Shinness Lodge was built in 1882 by the Third Duke of Sutherland as one of some 26 highland lodges he built to attract sporting tenants. Each had an allocation of land for fishing and shooting. They were tenanted on an annual basis, normally for just August and September. The Duke was thus an early chalet developer.

During the 1870s, Mr Kenneth Murray, the local Royal Bank of Scotland agent in Tain, persuaded the Duke to improve the land at the southern end of the Tirry River to grow better crops and create more productive farms. 3,000 acres were drained and peat and stones removed by standing steam engines which dragged a plough (known as the Duke's toothpick) on steel hawsers. The cost was vast - some £200,000. The works are now commemorated by a monument to Kenneth Murray a mile or so from the Lodge. They are also a feature of the portrait of the third Duke which hangs in nearby Dunrobin Castle at Golspie. The farms were initially tenanted by the Duke's son and others including Iain Campbell and the Gray family.
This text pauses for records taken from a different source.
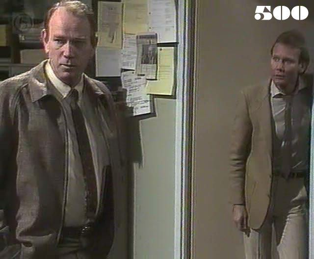 EPISODE 499Broadcast on Channel 5 Saturday 03 April 1999 04:40 Tragedy strikes when Brian Lowe comes to set Ann and Meg free from the booby-trapped building.![]() Meg ~ Elspeth Ballantyne Judy ~ Betty Bobbitt Joan ~ Maggie Kirkpatrick Ann ~ Gerda Nicholson Myra ~ Anne Phelan Reb ~ Janet Andrewartha Len ~ Maurie Fields Pixie ~ Judy McBurney Bobbie ~ Maxine Klibingaitis Marlene ~ Genevieve Lemon Joyce ~ Joy Westmore Sam ~ Robyn Gibbes Sarah ~ Nell Johnson Lou ~ Louise Siversen Frances ~ Wanda Davidson Alice ~ Lois Collinder Brian Lowe ~ Mathew King Det. Insp Rouse ~ Paul Karo Chris Sutton ~ Gregory Ross William Coleby ~ Hu Pryce Matt Delany ~ Peter Bensley Ray Proctor ~ Alex Menglet Officer Slattery ~ Dorothy Cutts Tammy ~ Gloria Ajenstat Insp. Grace ~ Terry Gill Matt is credited as "Delaney", but it has become "Delany" for the next episode. There are references to Dot and Lizzie at Sarah Higgins' "trial". | As Phillip's body is taken away, Inspector Rouse asks Chris what they were doing at Mrs Lowe's: Lowe has apparently disappeared into thin air. Pixie suggests Marlene should try racing cockroaches instead of frogs. Myra announces that Sarah Higgins' "trial" is to begin and sends Pixie to get her "client". Lowe tapes a message from Ann and Meg after telling them that he'd just killed a friend of their's. Pixie invites Sarah to the rec room to watch television and when she refuses, she says Myra wants her and she'd better come. When Sarah tries to leave, Myra indicates for the others to stop her |
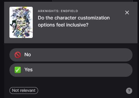 >>555083847Just put it in the survey like I did and hopefully the devs will listen. To be honest, as long as there is no companion quest there will be not much pandering. Companion quests should work just like bond events in other games. Canon but optional.
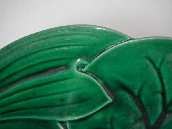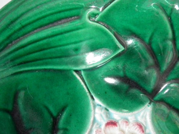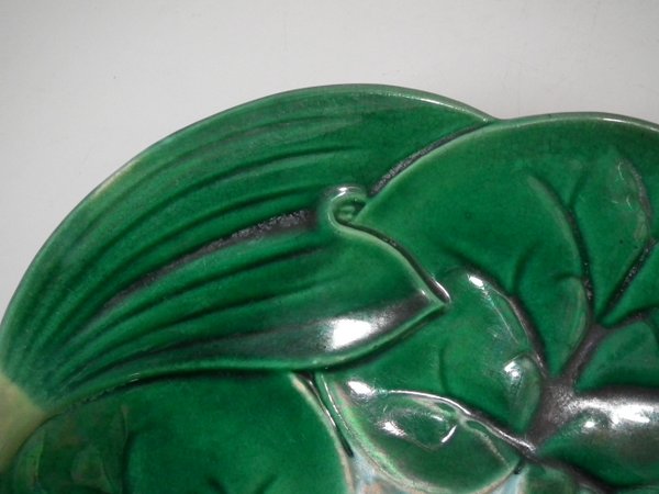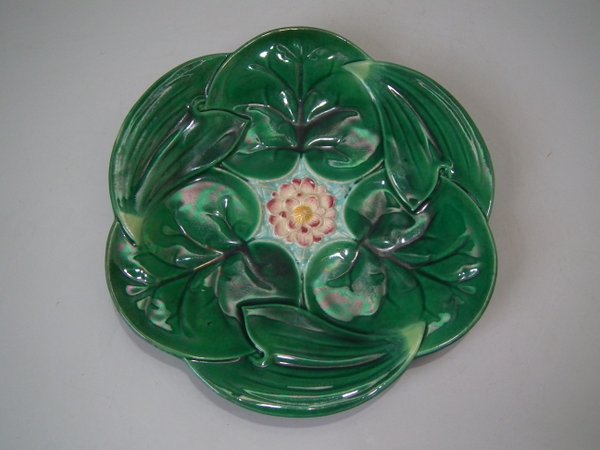 Victorian, circa 1869. 9.1ins high, 9.1ins wide, 1ins depth. George Jones Majolica plate which features a pond lily flower
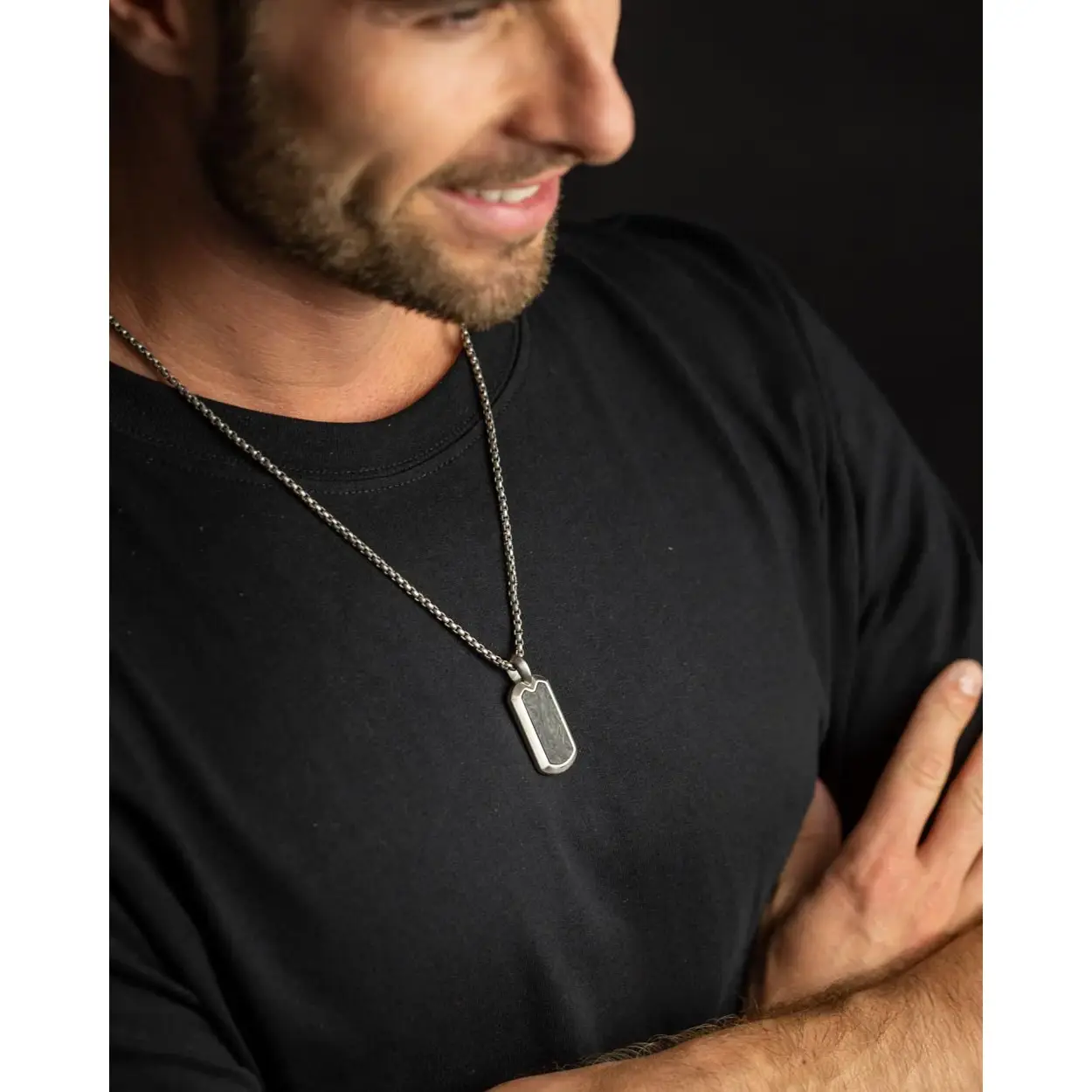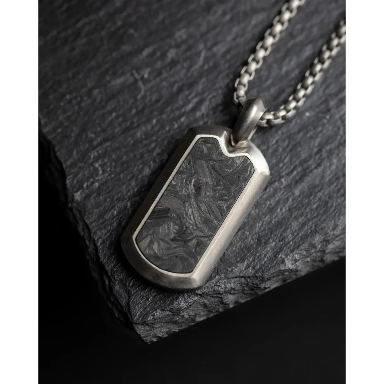 Deze ketting is gemaakt van Japanse titanium en klaar met vervalste koolstof. Zowel titanium als koolstof zijn veren licht, ultra sterk en hypo-allergenisch. Deze materialen worden vaak gebruikt in aerospace of in luxe auto's.

Most of the estate was made available for crofting after World War I and the first tenants were returned servicemen many of whose descendants are still working the crofts in Shinness. In 1922 the estate was bought by Mr Beldam and two small pictures in the dining room recall this era of walking up grouse with dogs. The Fletcher family bought the estate in 1941 and have lived in the Lodge since 1958.